Bild: Gut geschützt: die liberale Synagoge in Hannover
HAMBURG taz | Videokameras am Eingang, Sicherheitspersonal, Stacheldraht.
Seit dem antisemitischen Anschlag auf eine Synagoge in Halle 2019 wurden
die Sicherheitsvorkehrungen vor vielen jüdischen Einrichtungen in
Deutschland massiv verstärkt. Dass sich die Bedrohungslage für Jüdinnen und
Juden in den kommenden Jahren wieder entspannt, glauben wenige.
Im Gegenteil: Josef Schuster, Präsident des Zentralrats der Juden in
Deutschland, warnt vor weiteren antisemitischen Angriffen im Winter.
Infolge einer Energiekrise könnte sich Gewalt vermehrt gegen Minderheiten
richten. Dazu zählen laut Schuster immer auch Juden.
Diese Warnung äußerte Schuster vergangene Woche gegenüber dem
„Redaktionsnetzwerk Deutschland“. „Querdenker“ und Coronaleugner hätten
zwar derzeit aufgrund des russischen Angriffs auf die Ukraine keine
Plattform mehr – aber „wenn es im Winter kalt wird, wird diese Szene
angreifen und, wie ich befürchte, Erfolg haben“.
Seit Jahren steigt die Zahl antisemitisch motivierter Straftaten in
Deutschland. Erst im Mai meldete das Bundesinnenministerium für 2021
insgesamt 3.027 antijüdische Angriffe. Im Jahr zuvor waren es noch 2.351.

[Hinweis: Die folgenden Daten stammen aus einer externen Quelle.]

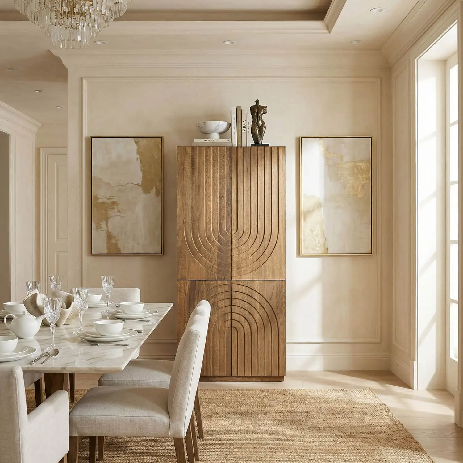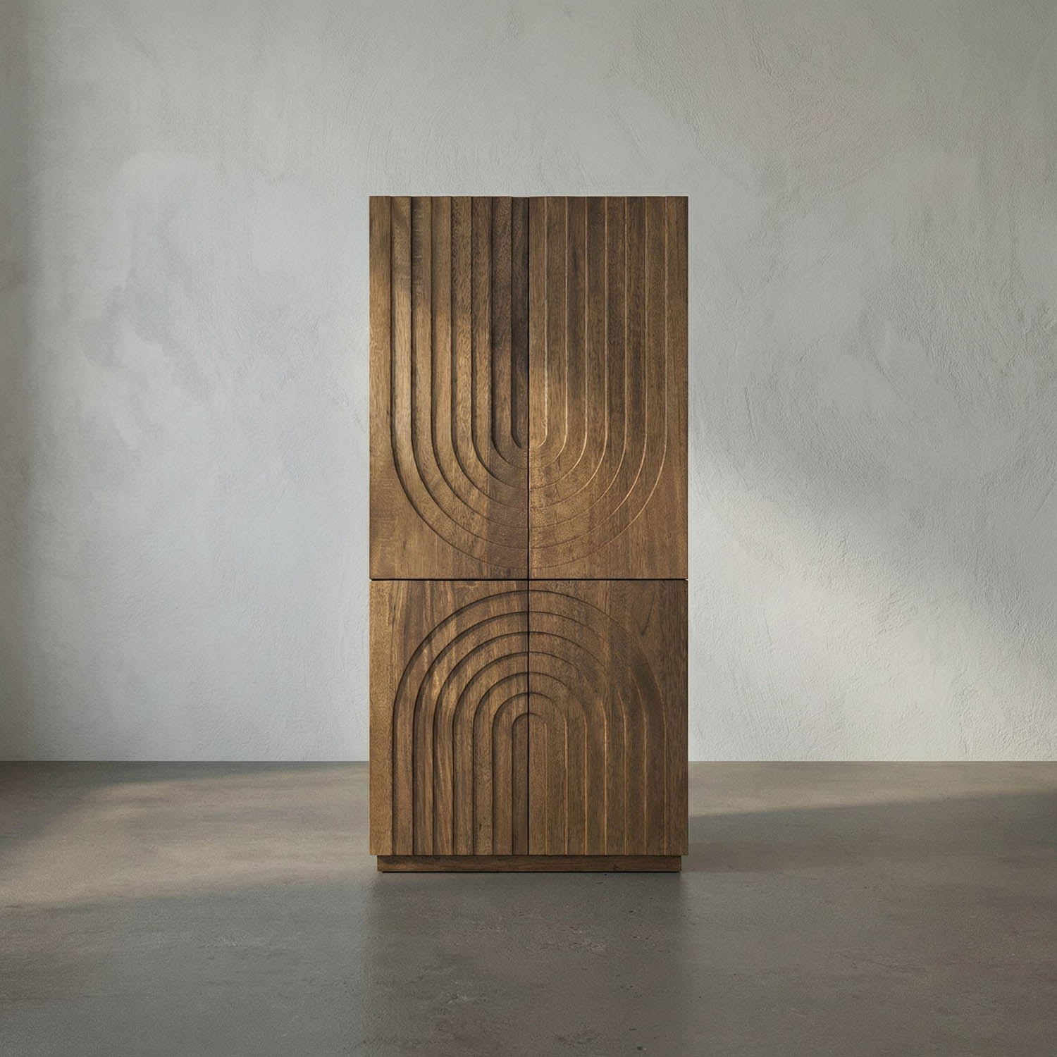 The Otto Hutch, finished in Dark Walnut, showcases clean, minimalist lines with subtle proportions. Its tall, sculptural form provides ample storage while blending timeless craftsmanship with modern simplicity.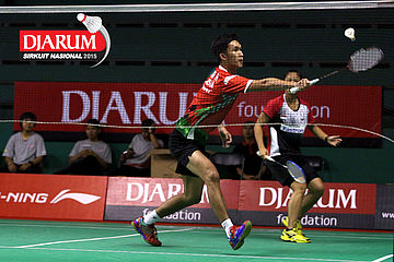 Bagas Kristianto (Djarum Kudus) bersiap menyambar pengembalian.
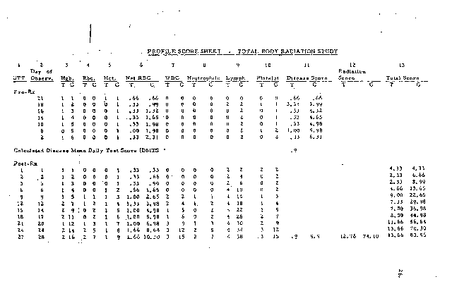 - 2bb009: DASA 1960 Supplement, Pg. 62(Table: Profile Score Sheet-Total Body Radiation Study)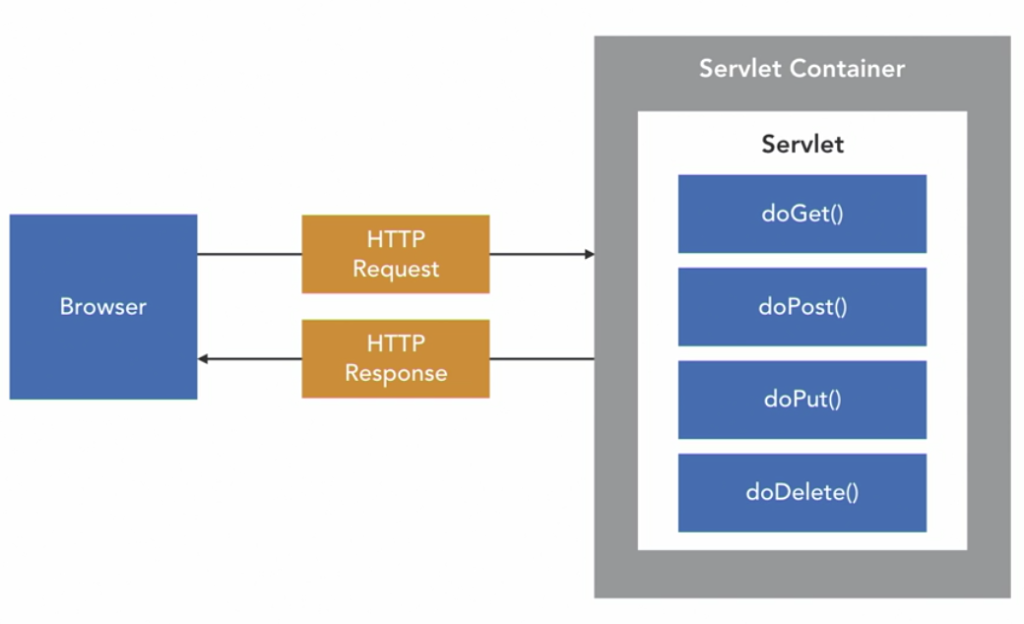 Once a servlet is initialized, it is available to process HTTP requests sent from a web browser using a servlet interface method that corresponds to the HTTP method of the request. Dynamic content is then generated in a response that is sent back to the browser. The servlet manages functionality required to interact with a database or generate dynamic HTML content for example.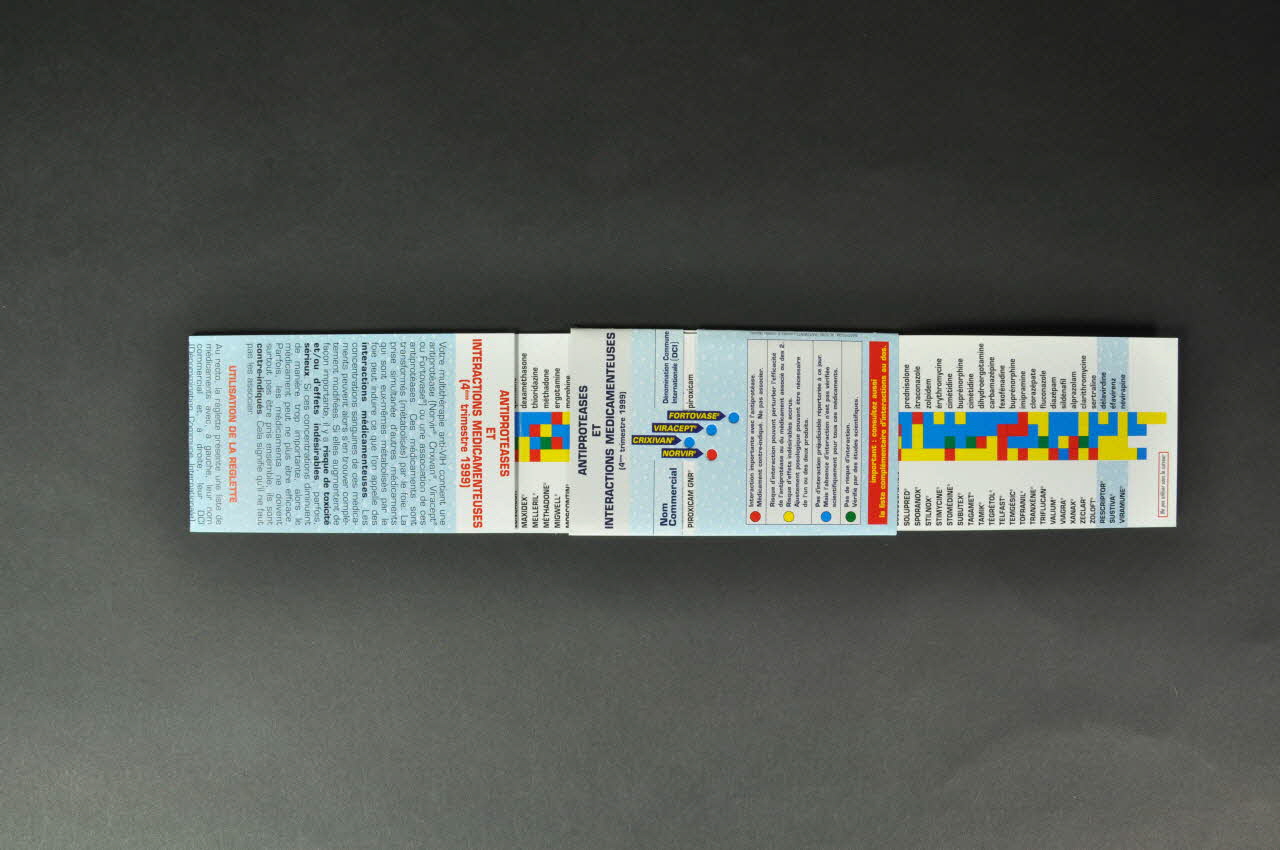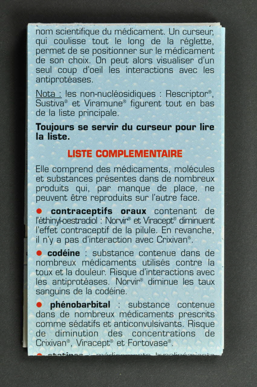 Réglette en carton blanc avec une partie coulissante. Inscription en haut, en bas et au dos. A gauche nom commercial du médicament; à droite Dénomination Commune Internationale Sur le curseur 4 trous correspondant à 4 colonnes : "Norvir", "Crixivan", "Viracept", Fortovase ». 4 couleurs au point de rencontre : Couleur rouge : "Interaction importante avec l'antiprotéase. médicament contre-indiqué. Ne pas associer"; Couleur jaune : "Risque d'interaction pouvant perturber l'efficacité de l'antiprotéase ou du médicament associé ou des deux. Risque d'effets indésirables accrus. Ajustement posologique pouvant être nécessaire de l'un ou des deux produits" Couleur bleu : "pas d'interaction préjudiciable répertoriée à ce jour. mais l'absence d'interaction n'est pas vérifiée scientifiquement pour tous ces médicamentsInscriptions

„Der [1][Judenhass] hat ein erschreckendes Ausmaß erreicht“, sagt der
bayerische Justizminister Georg Eisenreich (CSU). „Wir in Deutschland haben
eine besondere Verantwortung für Jüdinnen und Juden.“ Deshalb sei es eine
gesamtgesellschaftliche Aufgabe, jüdisches Leben in Deutschland zu
schützen.
## Antisemiten brauchen keine Gründe
Die Sorge, dass es im Winter vermehrt zu Angriffen kommen könnte, teilt
Michael Fürst vom Landesverband jüdischer Gemeinden in Niedersachsen nicht.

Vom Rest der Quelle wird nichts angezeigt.